━━ Given information ━━

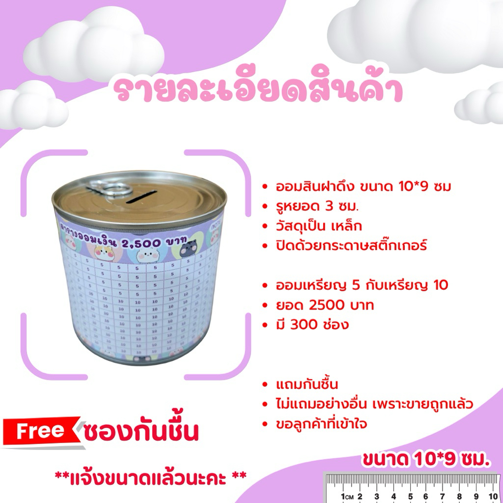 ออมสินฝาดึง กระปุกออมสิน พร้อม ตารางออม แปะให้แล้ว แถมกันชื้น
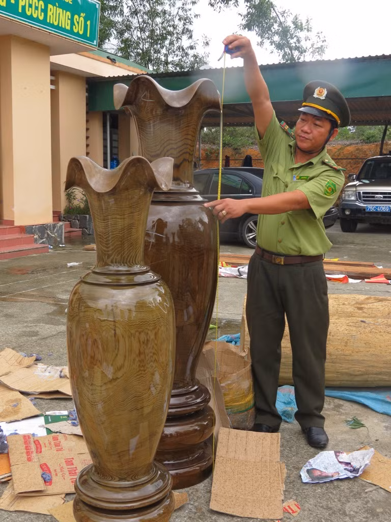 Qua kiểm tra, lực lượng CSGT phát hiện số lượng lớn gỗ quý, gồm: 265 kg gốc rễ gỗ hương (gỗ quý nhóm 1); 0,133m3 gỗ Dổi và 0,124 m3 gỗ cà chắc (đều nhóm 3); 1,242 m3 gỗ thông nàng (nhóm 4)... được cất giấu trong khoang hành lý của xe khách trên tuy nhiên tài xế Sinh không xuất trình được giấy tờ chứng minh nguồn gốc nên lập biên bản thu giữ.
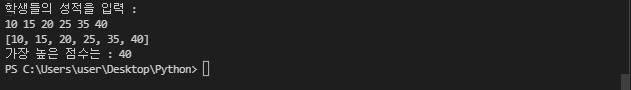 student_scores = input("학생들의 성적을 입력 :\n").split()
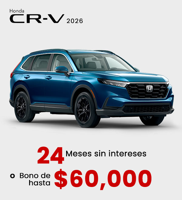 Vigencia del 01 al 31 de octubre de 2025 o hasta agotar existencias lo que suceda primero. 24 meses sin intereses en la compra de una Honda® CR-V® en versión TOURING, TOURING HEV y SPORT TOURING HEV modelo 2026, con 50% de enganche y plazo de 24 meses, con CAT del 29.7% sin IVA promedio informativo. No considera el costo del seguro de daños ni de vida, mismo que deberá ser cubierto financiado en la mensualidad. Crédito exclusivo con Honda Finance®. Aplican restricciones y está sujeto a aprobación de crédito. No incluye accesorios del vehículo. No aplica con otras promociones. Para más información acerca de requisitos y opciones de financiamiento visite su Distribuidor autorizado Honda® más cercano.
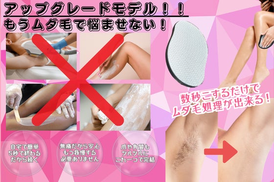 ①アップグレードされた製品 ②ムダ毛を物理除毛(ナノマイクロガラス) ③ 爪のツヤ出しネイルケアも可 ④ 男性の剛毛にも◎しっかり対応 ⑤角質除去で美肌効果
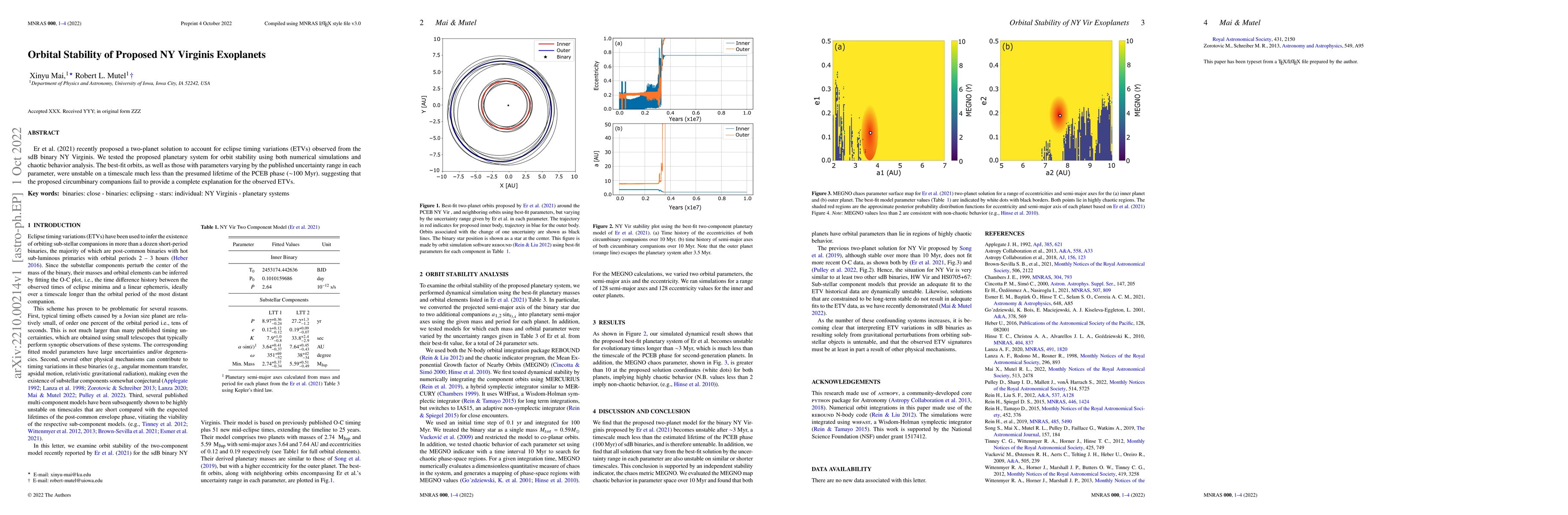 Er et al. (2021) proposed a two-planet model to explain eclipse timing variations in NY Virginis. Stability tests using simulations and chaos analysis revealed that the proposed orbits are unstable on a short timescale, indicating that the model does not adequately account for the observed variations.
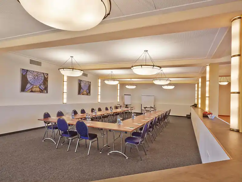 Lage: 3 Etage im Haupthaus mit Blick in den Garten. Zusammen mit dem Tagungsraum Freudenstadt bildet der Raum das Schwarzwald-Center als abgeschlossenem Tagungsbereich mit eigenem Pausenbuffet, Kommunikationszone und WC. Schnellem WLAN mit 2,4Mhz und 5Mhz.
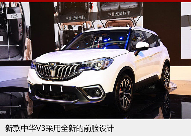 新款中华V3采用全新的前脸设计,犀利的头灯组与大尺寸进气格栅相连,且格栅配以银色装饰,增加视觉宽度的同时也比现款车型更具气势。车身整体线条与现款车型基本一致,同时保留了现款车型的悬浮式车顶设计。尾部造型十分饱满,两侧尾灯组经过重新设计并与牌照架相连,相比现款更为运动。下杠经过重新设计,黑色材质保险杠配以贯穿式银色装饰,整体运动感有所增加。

━━━

Instructions for the task:
Every line from the top of the records above to the line with "①アップグレードされた製品 ②ムダ毛を物理除毛(ナノマイクロガラス) ③", inclusive, should be duplicated exactly, minus the pictures.

Exercise response:
 ออมสินฝาดึง กระปุกออมสิน พร้อม ตารางออม แปะให้แล้ว แถมกันชื้น
 Qua kiểm tra, lực lượng CSGT phát hiện số lượng lớn gỗ quý, gồm: 265 kg gốc rễ gỗ hương (gỗ quý nhóm 1); 0,133m3 gỗ Dổi và 0,124 m3 gỗ cà chắc (đều nhóm 3); 1,242 m3 gỗ thông nàng (nhóm 4)... được cất giấu trong khoang hành lý của xe khách trên tuy nhiên tài xế Sinh không xuất trình được giấy tờ chứng minh nguồn gốc nên lập biên bản thu giữ.
 student_scores = input("학생들의 성적을 입력 :\n").split()
 Vigencia del 01 al 31 de octubre de 2025 o hasta agotar existencias lo que suceda primero. 24 meses sin intereses en la compra de una Honda® CR-V® en versión TOURING, TOURING HEV y SPORT TOURING HEV modelo 2026, con 50% de enganche y plazo de 24 meses, con CAT del 29.7% sin IVA promedio informativo. No considera el costo del seguro de daños ni de vida, mismo que deberá ser cubierto financiado en la mensualidad. Crédito exclusivo con Honda Finance®. Aplican restricciones y está sujeto a aprobación de crédito. No incluye accesorios del vehículo. No aplica con otras promociones. Para más información acerca de requisitos y opciones de financiamiento visite su Distribuidor autorizado Honda® más cercano.
 ①アップグレードされた製品 ②ムダ毛を物理除毛(ナノマイクロガラス) ③ 爪のツヤ出しネイルケアも可 ④ 男性の剛毛にも◎しっかり対応 ⑤角質除去で美肌効果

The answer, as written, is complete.